Further, defendant cannot claim prejudice because it was able to present the videotape for impeachment purposes during plaintiff's testimony. Defendant's Counsel then cross-examined plaintiff about the contents of the video. The chancellor himself questioned plaintiff about some of the scenes.

This issue is without merit.

INCLUSION OF DEFENSE WITNESSES

Plaintiff claims that the trial court abused its discretion in permitting Carol Gann, Charles Hayes, and Blake Silkwood, all employees of defendant, to testify at trial when their names were not provided to plaintiff during discovery. Court initially held that the witnesses would be excluded and that only an offer of proof would be allowed for record purposes.

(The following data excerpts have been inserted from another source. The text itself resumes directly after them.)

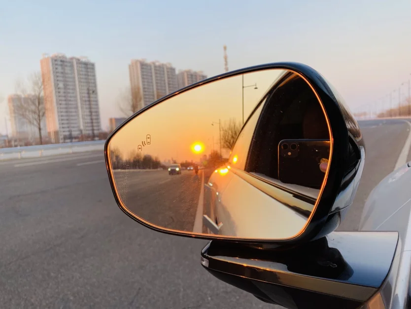 等红灯的间隙,夕阳撞进后视镜,停下车拍下落日的余晖,满满的爱溢出来窗口;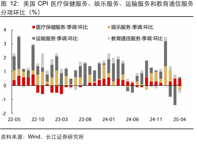 综合而言,住房通胀虽有抬头,但领先指标Zillow租金指数指向未来主要住所CPI稳中趋降,加之其他分项表现也相对稳定,美国核心服务通胀压力可控。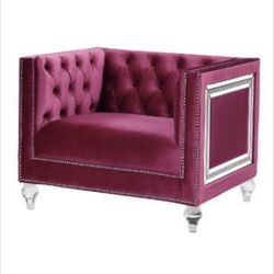Burgundy Velvet Chair Mirror Trim Accent Button Tufted Acrylic Legs Brand New In Box Firm Price $660$660Moreno Valley, CA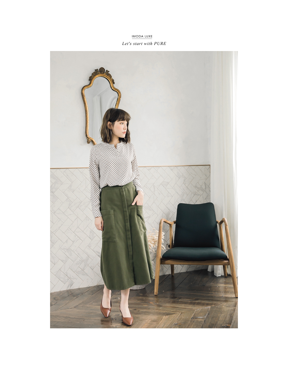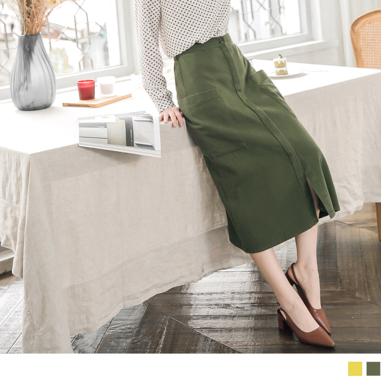 OB嚴選流行女裝OB嚴選高含棉斜紋布前壓褶開衩A字長裙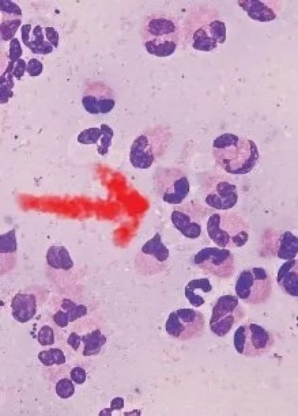 04【诊断】 1. 通常依据病史、临床所见病变排除其他类似症状来诊断。 2. 细胞学(组织压片):可见大量嗜酸性细胞,但如果病变出现继发感染,则会以中性粒细胞和细菌为主。 3. 皮肤组织病理学:结节性到弥散性肉芽肿,可见嗜酸性细胞、组织细胞和多核巨细胞,并有胶原变性的病灶。 4. 血液学检查:或许出现外周血嗜酸性粒细胞增多,但并非绝对,尤其是无痛性溃疡。

The trial court later reversed itself and considered the testimony of these witnesses as substantive evidence on the issues of notice and causation.

When a witness' name is not revealed during discovery, the trial court has discretion about how to proceed. Id. A Court may permit the testimony, or may exclude the testimony, or may grant a continuance to allow preparation. Airline Construction, Inc. v. Barr, 807 S.W.2d 247 (Tenn. App. 1990). In making its decision Court may consider the explanation given for the failure to name the witness, the importance of the testimony, the need for time to prepare, and the possibility of a continuance. Pettus v. Hurst, 882 S.W.2d 783, 787 (Tenn. App. 1993); Strickland v. Strickland, 618 S.W.2d 496 (Tenn. App. 1981).

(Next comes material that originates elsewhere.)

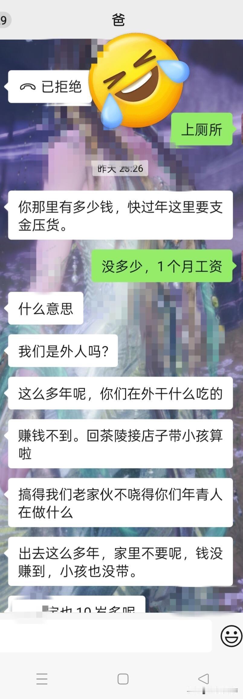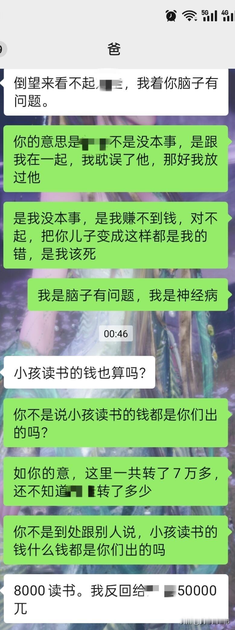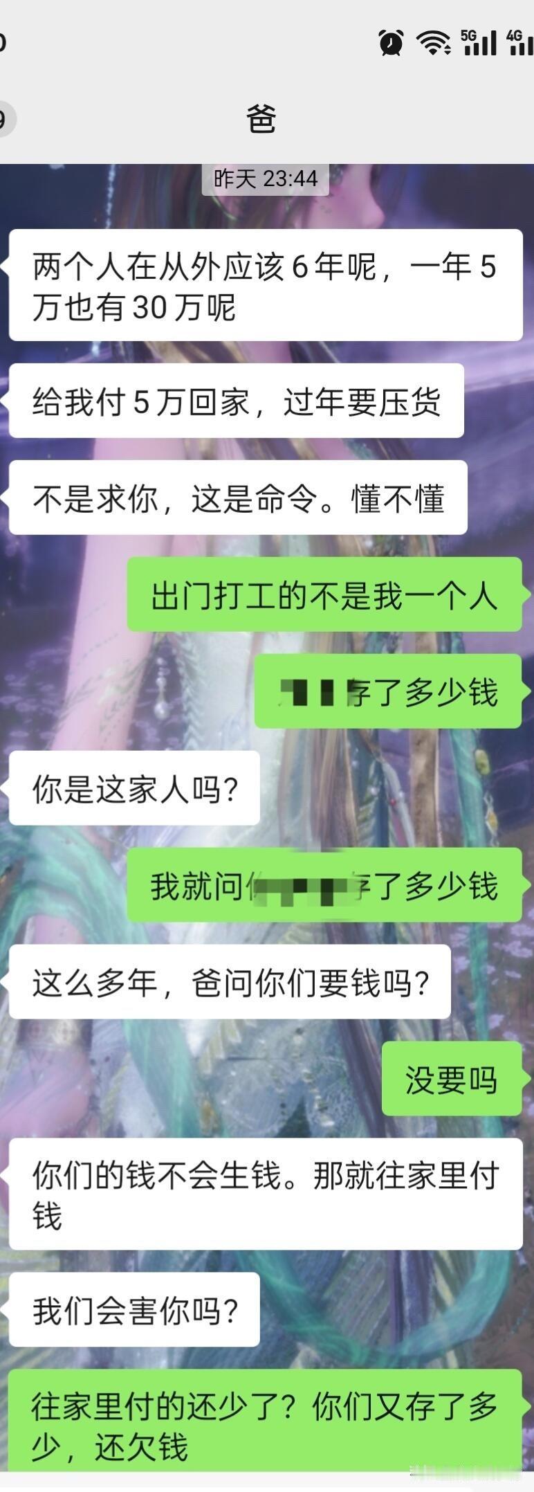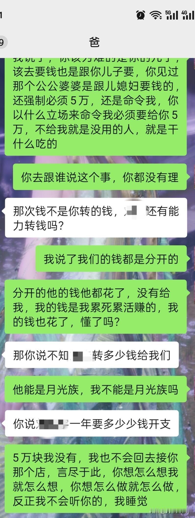 这婚该离吗? 事情是这样的,今天我下了班就回房间了,没多久就听见我公公打电话给我老公,问他这么多年了存了多少💰,我老公说没存到💰,我公公把他说了一顿,说他没用啥的,然后又问他我存了多少了,说这么多年了最少也有20w了,他说我也没多少就3w左右可能,他爸就在电话里说他要💰生💰什么的,他爸在老家开了个小店意思要我把💰拿回去给他进货,但是家里的生意很差,他们做了几十年生意还亏了10来w,后面就是个种给我老公洗脑要他来跟我要💰,我老公说我不会听他的,跟我说不通的,让我公公自己跟我说,然后就有了这些聊天记录,我越聊越觉得气,越想离婚,躺在床上翻来覆去睡不着,他倒是睡得跟个屎🐷一样。

All of the persons in question were known to plaintiff personally, and played obvious roles in the events presented to Court. Unlike the issue of the private investigator, plaintiff had to know that these persons might testify in contradiction to certain fact statements he made at trial.

As noted above, the trial court ultimately ruled in plaintiff's favor as to both notice and causation. This court has now agreed. We cannot say the trial court abused its discretion in this case. This issue is without merit.

EXTENT OF INJURY

After addressing all the evidentiary questions in this case, defendant appeals Court's ultimate determination that plaintiff did sustain a permanent impairment as a result of a work-related injury.

The party claiming the benefits of the Workers' Compensation Act has the burden of proof to establish his claim by a preponderance of all the evidence. Parker v. Ryder Truck Lines, Inc., 591 S.W.2d 755 (Tenn. 1979). An award may not be based on conjecture; it must be based on material evidence. Testimony of witnesses is evaluated on the basis of reasonableness and unreasonableness of the testimony given, the interest, bias, prejudice or lack thereof on the part of the witnesses, their general credibility, their opportunity to see and observe, and all of the other standards and criteria applicable to factual decisions in a non jury civil matter. Id. If the claim is for permanent disability benefits, permanency must be proved. In all but the most obvious cases, permanency may only be established through expert testimony. Thomas v. Aetna Life and Casualty Insurance Company, 812 S.W.2d 278 (Tenn. 1991).

Substantial evidence was introduced at trial about plaintiff's poor work history, his lengthy history of filing worker's compensation claims, and his criminal background, including drug convictions. At the time of trial he was a resident of the Jackson County Jail. Court considered carefully all the proof relevant to plaintiff's credibility, or lack thereof. This court must give great deference to the trial court's findings about the evidence it heard in person. Landers v. Fireman's Fund Insurance Company, 775 S.W.2d 355 (Tenn. 1989). Similarly, Court carefully considered the somewhat contradictory or uncertain testimony from the medical experts about causation in this case. While this court performs an independent evaluation of that testimony given by deposition, we cannot say after careful review that the evidence of either kind preponderates against the findings of the trial Court.

The judgment of the trial court is affirmed. Costs are taxed to defendant-appellant.